Voigtlander · 15mm f/4.5 · Leica M

Voigtlander Super Wide-Heliar 15mm f/4.5 Aspherical (VM)

35mm Prime f/4.5 In production ultra-wide · architecture · compact · rangefinder · landscape · budget

Step inside a narrow stairwell, a cramped chapel, the front seat of a car, and try to make a picture with anything wider than a 21mm. You can't. This is the lens that owns those rooms. Fifteen millimeters on full-frame is roughly a 110-degree field of view on the diagonal, wide enough to turn a closet into something that reads as a hall. Cosina built it small and cheap enough that people who would never spend Leica money could suddenly shoot true ultra-wide. That is mostly why it exists.

This is the later VM version with the 52mm front filter thread, a different beast from the original screwmount Heliar that took no filters at all and leaned hard on a bolt-on finder. Optically it is a wide-angle that holds its discipline. Sharpness wide open at f/4.5 is honest in the center and softens toward the edges. Stop down to f/8 or f/11 and the corners come back into agreement with the middle. The aspherical element is doing the heavy lifting on the aberrations, which is what separates it from the cheap fisheye-adjacent wides of the past. Distortion is low for the focal length, so straight lines near the frame edge stay close to true, and that matters when you are shooting building facades and don't want a barrel bulge wrecking your verticals.

Its honest weakness is flare. Put the sun in the frame, which at this angle you constantly will, and you get veiling and the occasional green blob. Some shooters chase that look on purpose. Most stop down and reframe. Corner falloff wide open is real too, though it cleans up by f/8 like everything else here.

It is a landscape and architecture lens first, a documentary and environmental lens second. Street shooters who like to get close and bury everything in context use it hard. Depth of field at 15mm runs so deep that many people zone-focus it and never touch the rangefinder, setting f/8 at three meters and holding everything from a meter to infinity in focus. That is the secret to its speed in tight quarters. You set the distance once and stop worrying about it.

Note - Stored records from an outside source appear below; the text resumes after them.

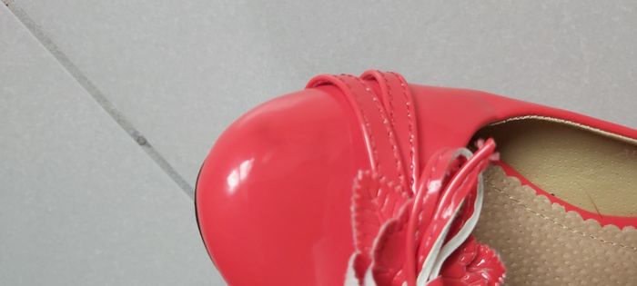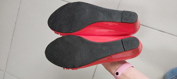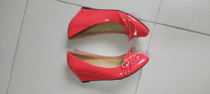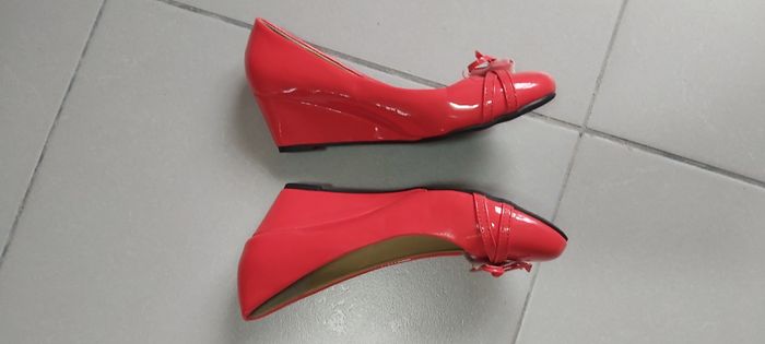 .Chaussure avec talon compensé Trait noir du au stockage voir photo Sur une Chaussure : 2 petit trait noir sur le devant et un point noir sur semelle Sur la 2eme Chaussure : point noir arrière et trait sur semelle Pointure 39 #carineddichaussures
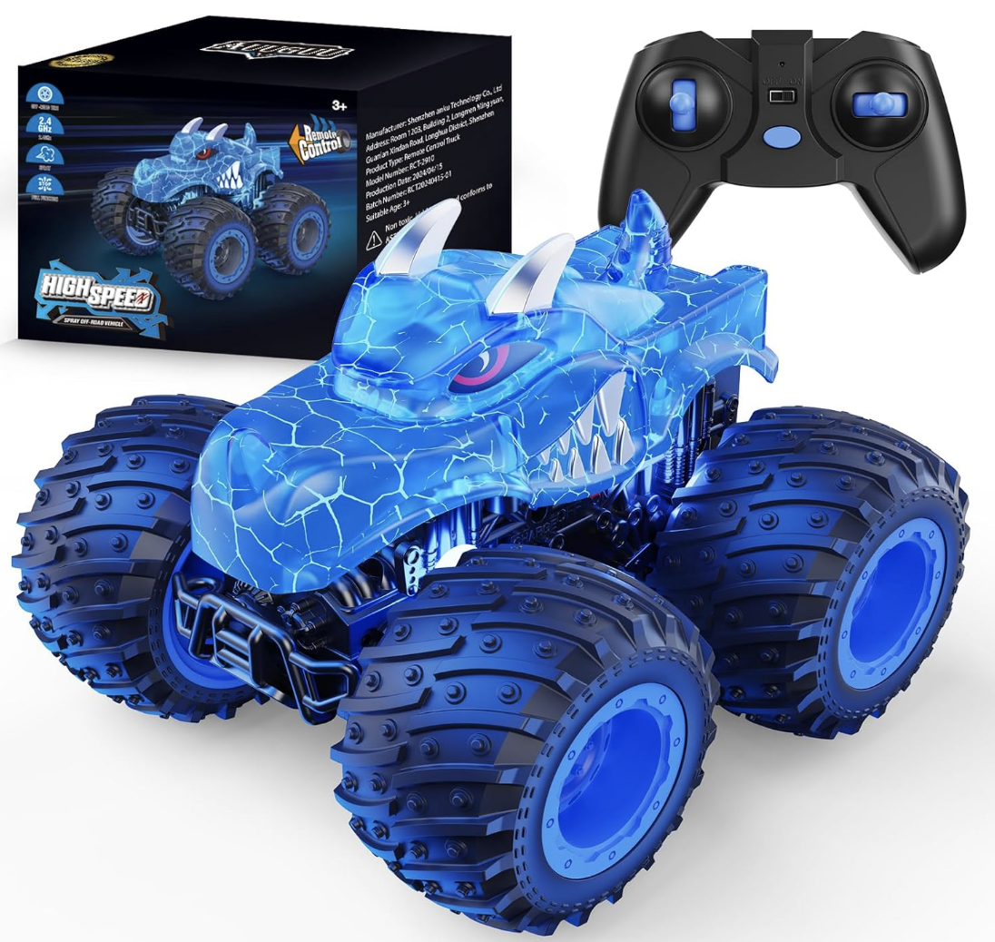 AUUGUU Remote Control Car, 2.4GHz Monster Trucks Toys with Light Spray, Birthday Gift for Kids 3 4 5 6 7 8, All Terrain RC Cars, Toddler Toys for Boys Girls 3+ Year Old
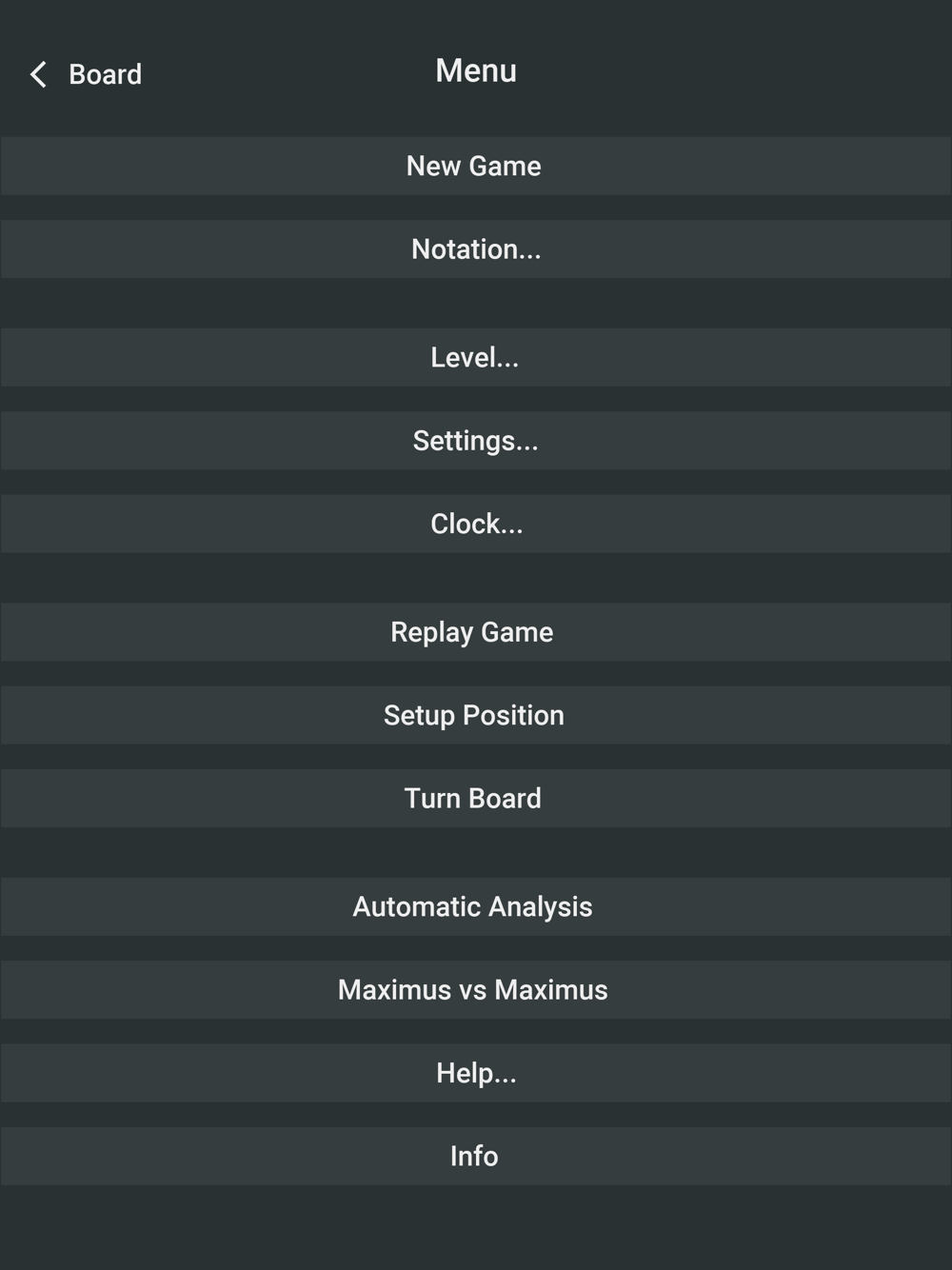 * Other options: turn board, setup position, automatic replay
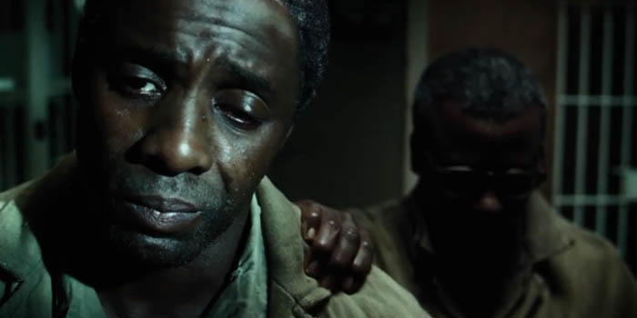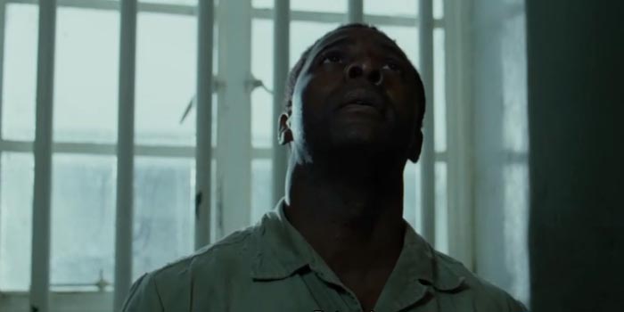 Amandla! Making the Power gesture to empower his friends and other prisoners. He is keeping his inner strength.
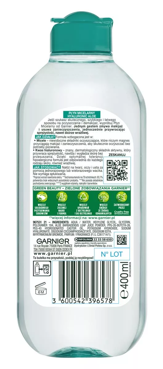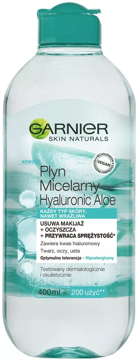 Odkryj moc oczyszczania i demakijażu dzięki Garnier Hyaluronic Aloe Płyn Micelarny z kwasem hialuronowym i ekstraktem z aloesu. Ten innowacyjny produkt w pojemności 400 ml zapewnia skuteczne usuwanie makijażu i zanieczyszczeń jednym gestem, przywracając jednocześnie sprężystość i nawilżenie nawet najbardziej wrażliwej skórze.
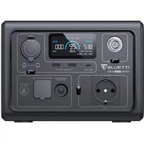 پاور استیشن بلوتی مدل EB3A با ظرفیت 268Wh و توان خروجی 600 وات، یک منبع برق قابل‌حمل و سریع‌شارژ است که از باتری LiFePO4 با طول عمر بالا بهره می‌برد. مناسب برای کمپینگ، سفر و شرایط اضطراری، با خروجی‌های متنوع، شارژ خورشیدی، برق شهری و پد بی‌سیم 15 وات.
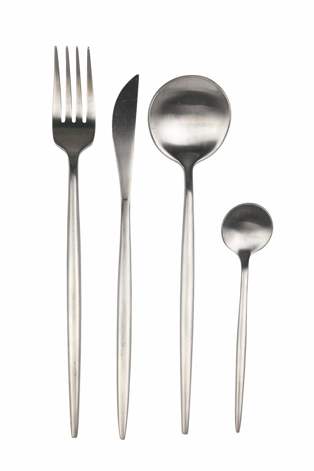 Enrichissez votre table avec charme et élégance. Abandonnez la mise en place traditionnelle, surprenez les convives avec des effets glamour et la beauté du style minimal. La ligne de couverts Preciosa, en acier satiné, sera votre solution idéale pour dresser la table avec style.

A 110-degree angle drags in huge swings of brightness, bright sky over shadowed interior in a single frame. A center-weighted reading will blow the sky or block the floor. Spot-meter the zone you actually care about with Zone Light Meter and place it where you want it to fall, then let the rest of the frame land wherever it lands. The 52mm thread takes a screw-in ND grad cleanly, which is the way to hold detail from sky to floor when the dynamic range gets ugly.

Today it sits as the cheap ticket into genuine ultra-wide on M mount, cross-shopped against Leica's own Tri-Elmar-M 16-18-21mm and the much pricier 18mm Super-Elmar. People still buy the Voigtlander because nothing else gets this wide for this little, and on a body with no live finder you take the bolt-on viewfinder and a bit of framing guesswork.

How the app handles this lens

  • Metering: Max aperture f/4.5. Meter wide open in dim light, then the app holds the reading while you stop down to your taking aperture.
  • Shutter: The shutter is in the body (focal plane), so flash sync tops out at the camera's X-sync speed. The app's exposure pairs respect whatever speed you set.
  • Filters: Takes 52mm filters. Dial an ND or polariser factor into the app and the metered exposure shifts to match.